How Big Data Can Lead to Safer Drugs and Vaccines

Friday, March 20, 2015

Remember Vioxx? The painkiller helped many but increased the risk of heart attacks in others. It was withdrawn from the market in 2004, nearly five years after it was introduced.

Although it takes years of extensive testing for new drugs and medical products to reach the market, negative side effects may not become apparent even then.

photo
photo courtesy of Jon Sharpe
 

"Until you can observe populations of an enormous size, you really can't know everything there is to know about the rare adverse effects," says Jennifer Nelson, MS 1994, PhD 1999 Biostatistics, and affiliate associate professor of Biostatistics at the University of Washington School of Public Health.

Nelson is part of a growing group of researchers transforming the way we monitor medical products for safety. She uses big data—in this case, millions of electronic health records sitting in the databases of large health insurers or health providers.

"Big health-care data holds great promise," says Nelson, who is based at Group Health Research Institute, where she is senior investigator and director of biostatistics. "There's big data in the numbers of people, and there's also big data in the amount of information per person."

Researchers drill into big data to predict everything from the outcome of the Super Bowl to which online ads consumers are likely to click. In public health and medical research, big data is helping unlock the secrets of our genomes and leading to personalized medical treatment.

Electronic health records have been around for decades, but only recently have more researchers started to recognize their potential for improving public health. It is now possible to access millions of records collected by insurers and health care providers such as Group Health Cooperative.

photo
photo by Jeff Hodson
Jennifer Nelson, MS 1994, PhD 1999

Regulatory agencies such as the FDA have typically had to wait until enough alarming cases emerge from doctors and their patients. It's a passive reporting process that doesn't capture everything.

Today, in a pilot project, researchers are proactively monitoring the safety of drugs and other medical products in "real time," Nelson says. It's faster and more cost-effective than recruiting participants for a randomized clinical trial or conducting a traditional observational study.

"It's the modern version of public health surveillance— using modern data-sharing mechanisms. They're measuring millions of lives and trying to keep track of adverse events," says Patrick Heagerty, professor and chair of the School's top-ranked department of Biostatistics.

Adverse events are essentially bad reactions. For vaccines, they can include pain, itching, swelling, or fever and in rare cases, seizures, Nelson says. For drugs—especially for cardiovascular disease—they include elevated risk of heart attack or kidney and liver problems.

Nelson is involved in two major monitoring projects. One is the FDA's Mini-Sentinel program, a pilot project set up in 2007 to build a nationwide "rapid-response surveillance system" for drugs and other medical products.
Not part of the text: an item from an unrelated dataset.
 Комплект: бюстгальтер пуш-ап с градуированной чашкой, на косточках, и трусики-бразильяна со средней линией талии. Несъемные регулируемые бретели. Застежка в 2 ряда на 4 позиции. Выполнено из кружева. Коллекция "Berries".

It includes data from 17 partners, including Group Health, and more than 100 million patients.

Nelson is also part of the Centers for Disease Control and Prevention's Vaccine Safety Datalink, which uses information on vaccines and medical illnesses collected at doctor's offices and hospitals in six health care systems across the country. Information is updated weekly.
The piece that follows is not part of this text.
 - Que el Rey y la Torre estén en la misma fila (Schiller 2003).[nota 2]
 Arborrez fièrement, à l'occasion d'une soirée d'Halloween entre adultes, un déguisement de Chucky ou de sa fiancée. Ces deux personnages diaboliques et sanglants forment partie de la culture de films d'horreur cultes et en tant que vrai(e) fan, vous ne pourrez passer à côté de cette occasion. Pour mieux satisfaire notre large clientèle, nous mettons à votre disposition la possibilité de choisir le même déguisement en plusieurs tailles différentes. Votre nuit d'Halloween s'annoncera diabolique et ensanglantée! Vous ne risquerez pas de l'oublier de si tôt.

Nelson and Heagerty say big data offers great potential but also many challenges. For instance, electronic medical records capture data for clinical care and billing, "but that doesn't cover all the things you might want to measure for medical research or public health research," Heagerty says. "It's not always complete."

The data needs to be augmented to address certain research questions, he adds, such as what actually happens to patients after they are treated. "Maybe we need mobile data collection, where they can use text messages to send us their pain and ability to function every day," says Heagerty. "I think there will be innovation in adding to the electronic medical records."

Biostatisticians are key in designing these studies and in analyzing the data. Nelson collaborates with faculty on these issues, mentors students, and has taught at the department's Summer Institute in Statistics for Clinical Research.

"We want to expose junior researchers to this field because it's going places," Nelson says. "My goal is to help create those opportunities and create even stronger ties between the UW and Group Health. Getting from big data to meaningful evidence is not easy. And that's why it's fun. We're going to be employed for a long time doing this."